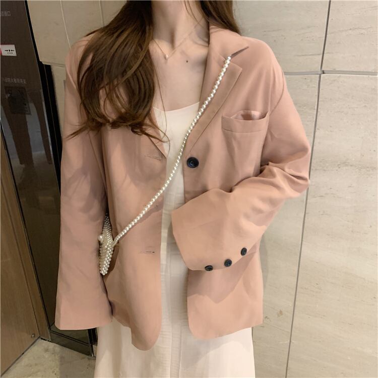 レディース ジャケット くすみピンク ブレザー テーラード ボタン シンプル アウター 体型カバー 大人カジュアル 韓国 韓国ファッション / Pink loose casual suit jacket (DTC-588798568580)
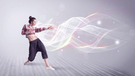 A beautiful young hip hop dancer dancing contemporary urban street dance in front of grey wall background with smokey lines and glitter concept.
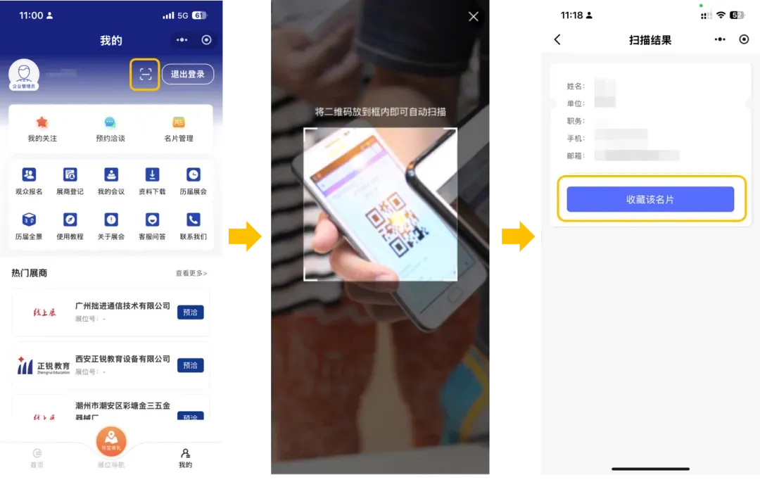 同样的,展商也可通过线上展小程序的扫一扫功能,扫观众证件上的参观码,收集观众名片。
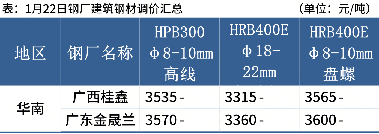 1月22日,钢厂建筑钢材出厂价持稳运行。

What the task requires: Repeat the lines above exactly, and keep every picture out.

Output:
 レディース ジャケット くすみピンク ブレザー テーラード ボタン シンプル アウター 体型カバー 大人カジュアル 韓国 韓国ファッション / Pink loose casual suit jacket (DTC-588798568580)
 A beautiful young hip hop dancer dancing contemporary urban street dance in front of grey wall background with smokey lines and glitter concept.
 同样的,展商也可通过线上展小程序的扫一扫功能,扫观众证件上的参观码,收集观众名片。
 1月22日,钢厂建筑钢材出厂价持稳运行。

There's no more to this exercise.